→ Data:
::::::::::

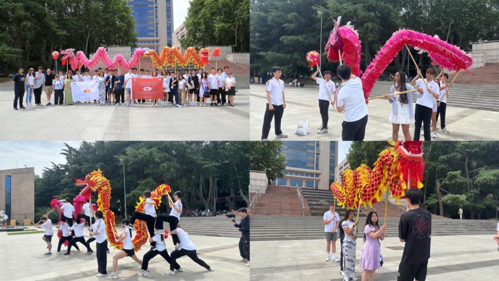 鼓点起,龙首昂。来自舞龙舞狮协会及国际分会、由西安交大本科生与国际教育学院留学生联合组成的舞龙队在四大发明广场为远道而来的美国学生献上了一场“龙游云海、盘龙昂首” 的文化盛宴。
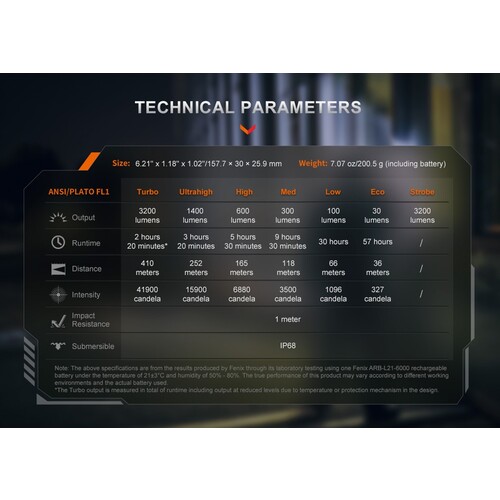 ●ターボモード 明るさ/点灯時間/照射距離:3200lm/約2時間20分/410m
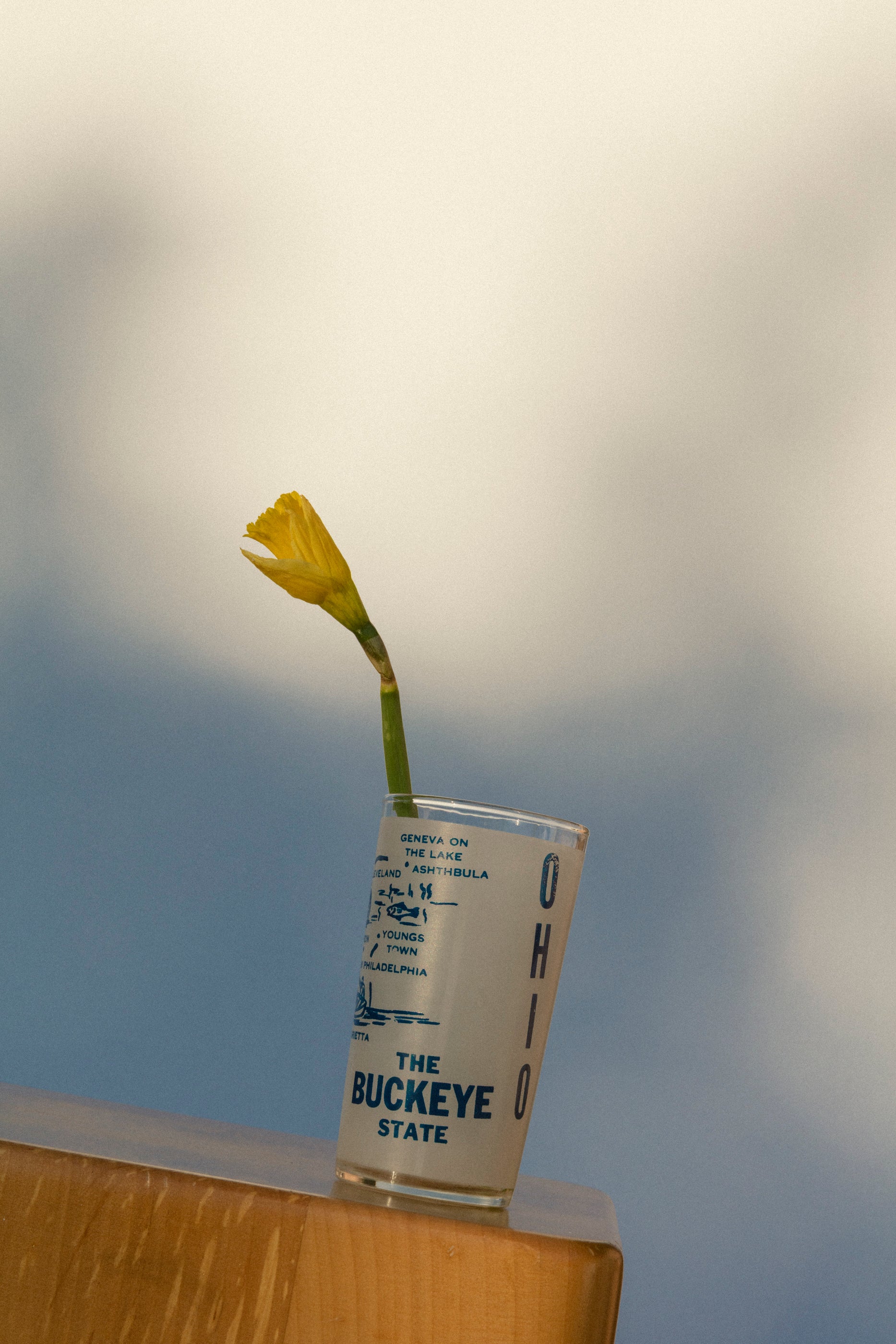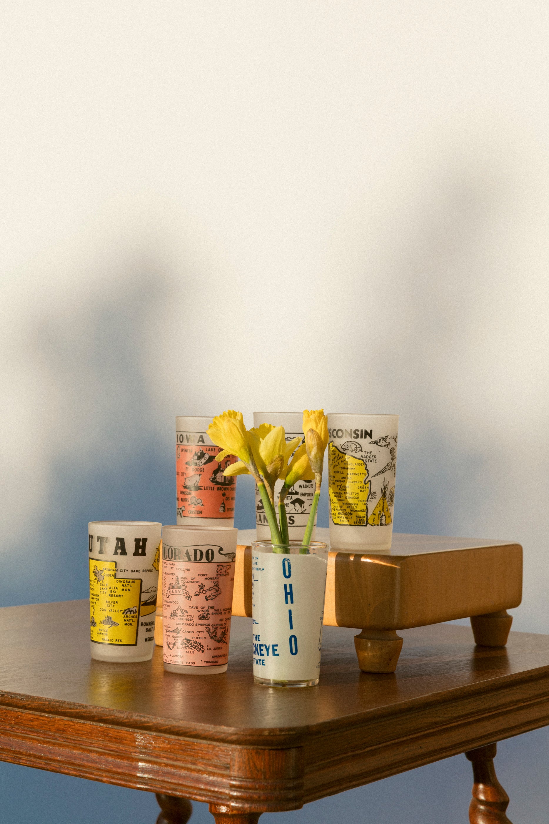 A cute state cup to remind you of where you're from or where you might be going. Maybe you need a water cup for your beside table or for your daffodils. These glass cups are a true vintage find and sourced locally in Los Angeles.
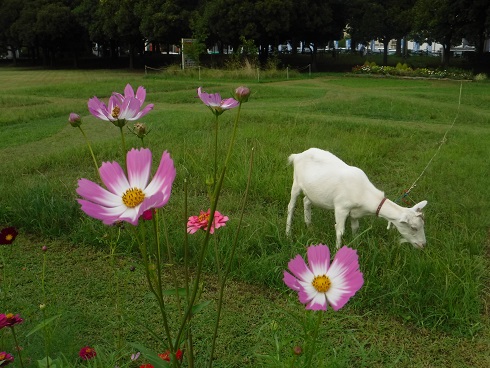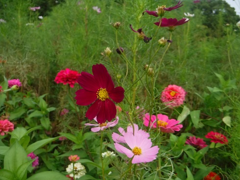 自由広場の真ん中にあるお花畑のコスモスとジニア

::::::::::

→ Action item: Your answer must be the full listing, word for word, minus any images.

→ Answer to this problem:
 鼓点起,龙首昂。来自舞龙舞狮协会及国际分会、由西安交大本科生与国际教育学院留学生联合组成的舞龙队在四大发明广场为远道而来的美国学生献上了一场“龙游云海、盘龙昂首” 的文化盛宴。
 ●ターボモード 明るさ/点灯時間/照射距離:3200lm/約2時間20分/410m
 A cute state cup to remind you of where you're from or where you might be going. Maybe you need a water cup for your beside table or for your daffodils. These glass cups are a true vintage find and sourced locally in Los Angeles.
 自由広場の真ん中にあるお花畑のコスモスとジニア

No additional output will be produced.